Whether you open a website or walk into a bookstore, there's nothing like the feeling of choosing what you're going to read next. Sadly, I've been disappointed more often than thrilled this year, and at lunch with a friend the other day, she said the same. "Maybe we read too much," she told me. "We've heard it all and seen it all as far as stories go." While that might be true, I can still get pulled into a book if it's done well, as I have been with my current read, WE BEGIN AT THE END by Chris Whitaker. It's not an easy book, but when I find myself thinking, even worrying, about the characters when I'm not reading, I know it's because of good writing. Of course, reading is as individual as writing. I can't tell you the book will affect you the same way. I can only give you my reaction.

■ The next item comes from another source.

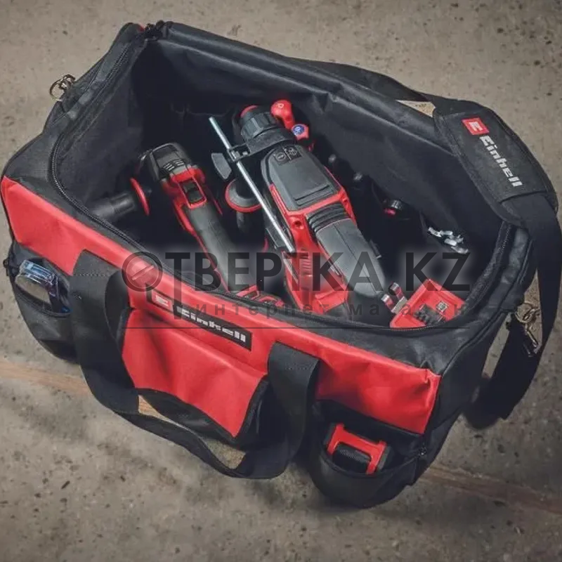 Сумка для инструментов Einhell Einhell Bag 56/29 4530078 - инструменты и аксессуары Einhell надежно уложены, и даже аккумулятор и зарядное устройство Power X-Change найдут свое место в практичной сумке. Сумка Einhell Bag 56/29 долговечна и надежна и оснащена усиленным основанием, что является преимуществом при выполнении серьезных задач в помещении или на открытом воздухе. Это значит, что качественные устройства хорошо защищены от неблагоприятных воздействий на стройке, в мастерской или в саду. В сумку Einhell 56/29 можно загрузить до 25 кг. Длина сумки 56 см, ширина 29 см и высота 30 см (внешние размеры). Сумка Einhell предлагает универсальные варианты хранения различных инструментов и аксессуаров. Все можно быстро перевезти в нужное место с помощью одной ручки. Ремень для переноски и ручка для переноски обеспечивают максимальное удобство. Благодаря различным карманам в сумке Einhell всегда порядок, а нужная посуда всегда под рукой.

Choosing a new book is both easy and hard in our time. There are tons of books and tons of places to find them. Still, I've noticed that the traditional publishing world is very much centered on safe choices these days, and they often don't appeal to me. One safe choice is the trending topic. When a book is a success, you can expect a couple dozen similar ones will follow. The covers will be similar in mood and style. The titles will suggest the bombshell best-seller. I got sick of books with "GIRL" in the title some time back. And the time/setting/focus will be the same. Right now it's WWII stories. After some excellent ones (and there still are some out there), we have a host of pale copies, like the one I'm currently reading, which tells me how the protagonist feels as if describing what she had for breakfast and boils down to French people=good, Nazis=bad. Quelle surprise!
The other safe choice for traditional publishers is authors who already have
a name. While there are authors whose work I always buy, smart readers know some of them don't write their own stuff anymore. Look for the
"with ___" on the cover, which means in most cases that some unknown author wrote
it and the "big" author agreed to put his/her name on it, equaling a
nice paycheck for everyone. Then there's "franchising," a way of benefiting from an author's name when he's too old to write or even after he's died. It all comes down to money, but for discerning readers, that results in disappointment.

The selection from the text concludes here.